# EXERCISE PROMPT:
Using the data below, output a verbatim copy of the lines between the one holding "Featured photo caption: George" and the one holding "Bộ cổ sen bèo cổ in nơ phối quần dài", inclusive, without any pictures.
━━ DATA SUPPLIED
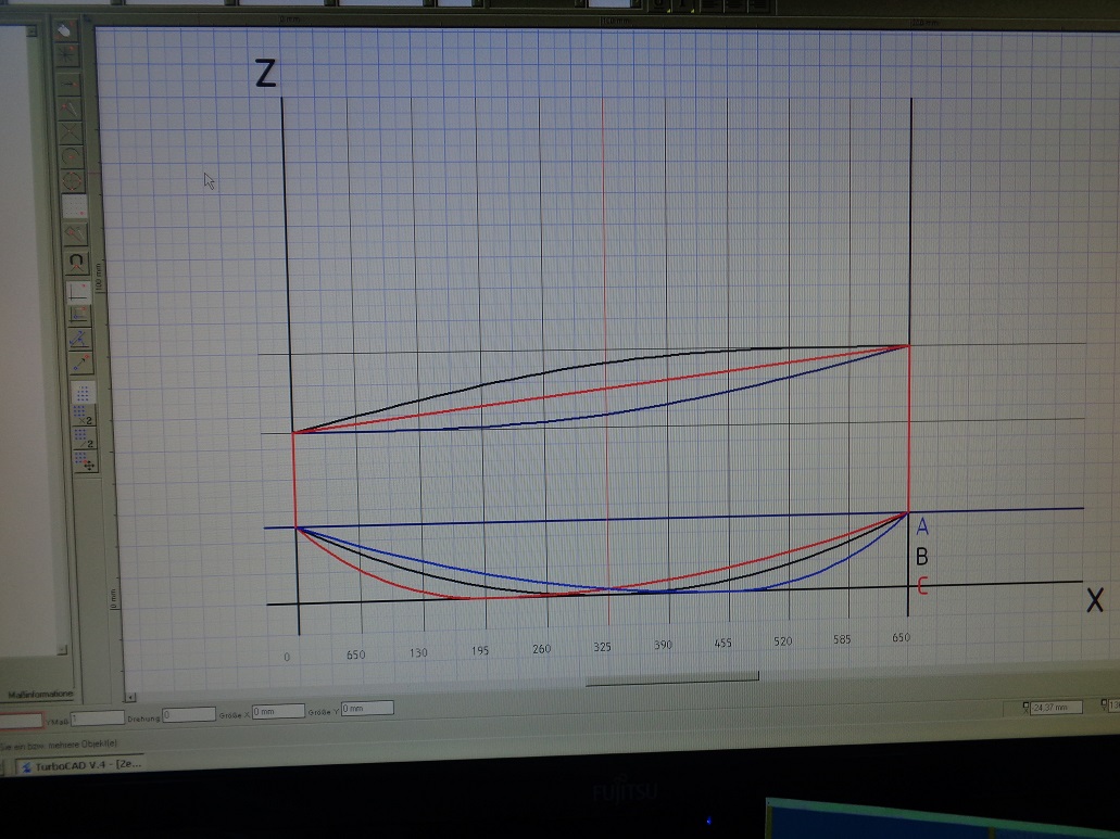 Wie zu sehen ist habe ich auch alle 65mm eine senkrechte Linie für die Spanten gemacht.
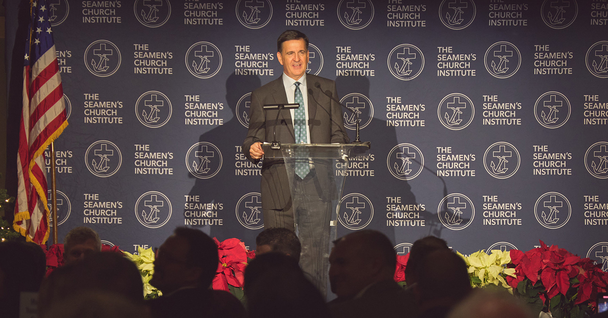 Featured photo caption: George Leavell speaks at the annual River Bell Awards Luncheon, held December 11 in Paducah, Ky. Leavell, CEO of Wepfer Marine Group, received the River Bell Award. (Photo courtesy of the Seamen’s Church Institute)
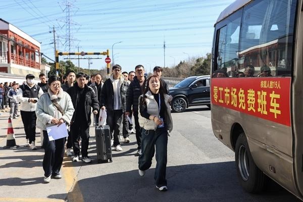 3月10日,上海,浦东新区零工市场上川路服务中心,劳务派遣招聘经理王巧巧(前)带求职者乘坐免费班车,准备前往企业面试。在这里,一上午便汇集了来自全国各地的400多位求职者。 李茂君/摄
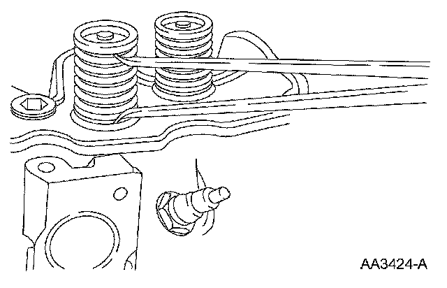 ^ Turn the valve spring and observe the space between the top of the valve spring and the square. Install a new valve spring if out of square.
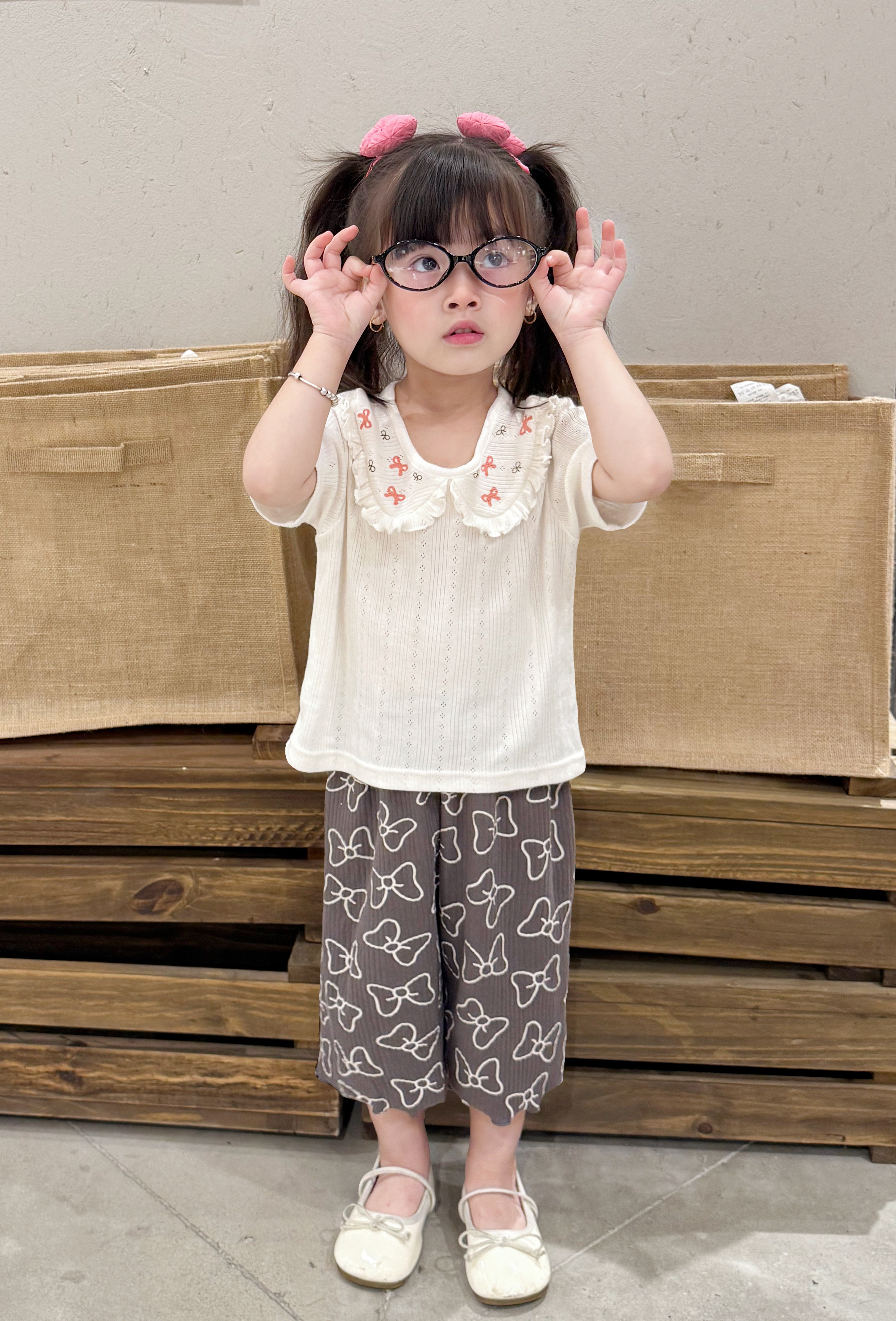 Bộ cổ sen bèo cổ in nơ phối quần dài
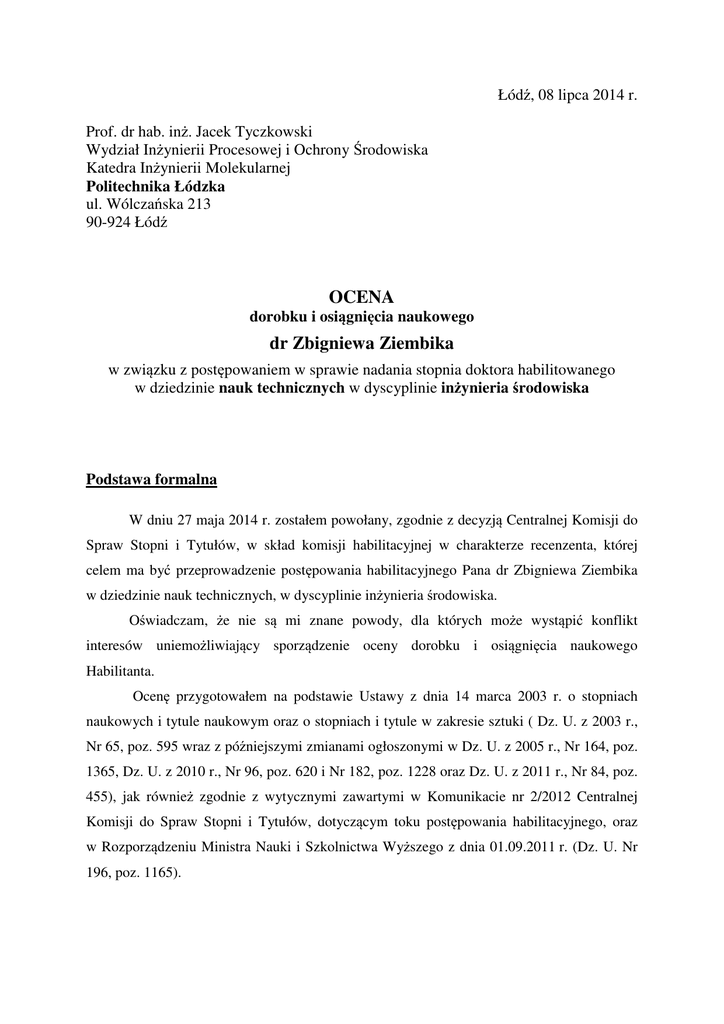 Łódź, 08 lipca 2014 r. Prof. dr hab. inż. Jacek Tyczkowski Wydział Inżynierii Procesowej i Ochrony Środowiska Katedra Inżynierii Molekularnej Politechnika Łódzka ul. Wólczańska 213 90-924 Łódź OCENA dorobku i osiągnięcia naukowego dr Zbigniewa Ziembika w związku z postępowaniem w sprawie nadania stopnia doktora habilitowanego w dziedzinie nauk technicznych w dyscyplinie inżynieria środowiska Podstawa formalna W dniu 27 maja 2014 r. zostałem powołany, zgodnie z decyzją Centralnej Komisji do Spraw Stopni i Tytułów, w skład komisji habilitacyjnej w charakterze recenzenta, której celem ma być przeprowadzenie postępowania habilitacyjnego Pana dr Zbigniewa Ziembika w dziedzinie nauk technicznych, w dyscyplinie inżynieria środowiska. Oświadczam, że nie są mi znane powody, dla których może wystąpić konflikt interesów uniemożliwiający sporządzenie oceny dorobku i osiągnięcia naukowego Habilitanta. Ocenę przygotowałem na podstawie Ustawy z dnia 14 marca 2003 r. o stopniach naukowych i tytule naukowym oraz o stopniach i tytule w zakresie sztuki ( Dz. U. z 2003 r., Nr 65, poz. 595 wraz z późniejszymi zmianami ogłoszonymi w Dz. U. z 2005 r., Nr 164, poz. 1365, Dz. U. z 2010 r., Nr 96, poz. 620 i Nr 182, poz. 1228 oraz Dz. U. z 2011 r., Nr 84, poz. 455), jak również zgodnie z wytycznymi zawartymi w Komunikacie nr 2/2012 Centralnej Komisji do Spraw Stopni i Tytułów, dotyczącym toku postępowania habilitacyjnego, oraz w Rozporządzeniu Ministra Nauki i Szkolnictwa Wyższego z dnia 01.09.2011 r. (Dz. U. Nr 196, poz. 1165). 2 Charakterystyka działalności zawodowej Dr Zbigniew Ziembik ukończył studia magisterskie na Wydziale Matematyki, Fizyki i Chemii Wyższej Szkoły Pedagogicznej w Opolu (obecnie Uniwersytet Opolski), uzyskując w 1986 roku stopień magistra chemii. W tym samym roku został On zatrudniony na rodzimym Wydziale. W 1996 roku na Wydziale Fizyki Technicznej i Matematyki Stosowanej Politechniki Warszawskiej obronił pracę doktorską pt. "Właściwości elektryczne układów przewodnik − matryca nieprzewodząca", otrzymując stopień naukowy doktora nauk fizycznych. Rok później został zatrudniony na stanowisku adiunkta, najpierw w Instytucie Chemii, następnie w Katedrze Technologii, a od 2006 roku, gdzie pracuje do dzisiaj, w Katedrze Biotechnologii i Biologii Molekularnej Uniwersytetu Opolskiego. Od 2012 roku zatrudniony jest na stanowisku starszego wykładowcy. Przez cały okres zatrudnienia (a nawet poczynając od pracy dyplomowej) działalność zawodowa Habilitanta oparta jest na współpracy i opiece ze strony Profesora Witolda Wacławka oraz Profesor Marii Ząbkowskiej-Wacławek, wysokiej klasy badaczy zajmujących się już od ponad 10 lat zagadnieniami ochrony środowiska, wcześniej natomiast specjalizujących się w badaniach organicznych półprzewodników. Habilitant dokonał identycznej transformacji swoich zainteresowań naukowych, zajmując się początkowo badaniami właściwości elektrycznych, fotoelektrycznych i termoelektrycznych kompozytów materiałów organicznych, a następnie, już od wielu lat, biorąc udział w pracach dotyczących monitoringu i biomonitoringu środowiska. Jak widać, cała działalność zawodowa dr Zbigniewa Ziembika związana jest z jedną grupą badawczą i jedną jednostką naukową, jaką jest Uniwersytet Opolski. Z jednej strony fakt ten należy ocenić pozytywnie, świadczy bowiem o możliwości długotrwałego zaangażowania i dogłębnego włączenia się Habilitanta w realizowane prace w jednym zespole, z drugiej jednak strony może też budzić obawy co do zbyt ograniczonego spojrzenia na uprawiane tematyki badawcze oraz podporządkowania się wzorcom i metodom badawczym charakterystycznym tylko dla tego miejsca. Tak też postrzegam brak staży zagranicznych Habilitanta, czy to długoterminowego stażu postdoktorskiego, czy chociażby kilkumiesięcznych wyjazdów do innych renomowanych ośrodków na świecie. W informacjach przedstawionych przez Habilitanta znalazłem jedynie notatkę o tygodniowym wyjeździe studyjnym do Mannheim w 2012 roku. Przegląd literatury światowej, czy nawet wymiana poglądów na konferencjach, nie zastąpią stałego, dłuższego pobytu w innym ośrodku naukowym, co na ogół owocuje nieocenionym poszerzeniem doświadczeń zawodowych. 3 Ocena osiągnięcia naukowego Jako główne swoje osiągnięcie naukowe, stanowiące podstawę postępowania habilitacyjnego, dr Zbigniew Ziembik przedstawił monografię pt. "Wykorzystanie metod statystycznych do opisu akumulacji 137 Cs w glebach leśnych" wydaną nakładem Wydawnictwa Uniwersytetu Opolskiego w 2013 roku. Monografia liczy 154 strony, zawiera 13 rozdziałów (w tym Wnioski i Podsumowanie) oraz Bibliografię złożoną z 309 pozycji literaturowych. Napisana jest bardzo dobrym językiem, a jej konstrukcja pozwala czytelnikowi bez trudu śledzić tok rozumowania Autora. Monografia oparta jest na opublikowanych już w większości wynikach badań, prowadzonych przez Habilitanta od 2006 r. Wyniki te przedstawiono w 5 publikacjach (zał. 3, poz. 15, 16, 18, 20, 26), wszystkie w czasopismach znajdujących się w bazie JCR (o łącznym IF = 4.353). Jedna z nich jest monoautorska (opublikowana w 2014 r. w Journal of Radionalytical and Nuclear Chemistry (IF= 1.467)), w dwóch kolejnych dr Zbigniew Ziembik jest pierwszym autorem, a w dwóch pozostałych Jego udział oceniony jest na 50% w każdej. Przedmiotem monografii jest opis akumulacji 137 Cs w profilach glebowych gleb leśnych z wykorzystaniem różnych metod statystycznych oraz weryfikacja otrzymanych zależności i modeli. Habilitant nakreślił dwa główne cele w tej pracy. Pierwszym z nich było znalezienie korelacji pomiędzy zawartością 137 Cs w poziomach genetycznych gleby a ich podstawowymi właściwościami fizykochemicznymi, takimi jak skład granulometryczny, pH w roztworze wodnym, pHKCl (w 1M roztworze KCl), kwasowość hydrolityczna (
━━━━
# EXERCISE RESULT:
 Featured photo caption: George Leavell speaks at the annual River Bell Awards Luncheon, held December 11 in Paducah, Ky. Leavell, CEO of Wepfer Marine Group, received the River Bell Award. (Photo courtesy of the Seamen’s Church Institute)
 3月10日,上海,浦东新区零工市场上川路服务中心,劳务派遣招聘经理王巧巧(前)带求职者乘坐免费班车,准备前往企业面试。在这里,一上午便汇集了来自全国各地的400多位求职者。 李茂君/摄
 ^ Turn the valve spring and observe the space between the top of the valve spring and the square. Install a new valve spring if out of square.
 Bộ cổ sen bèo cổ in nơ phối quần dài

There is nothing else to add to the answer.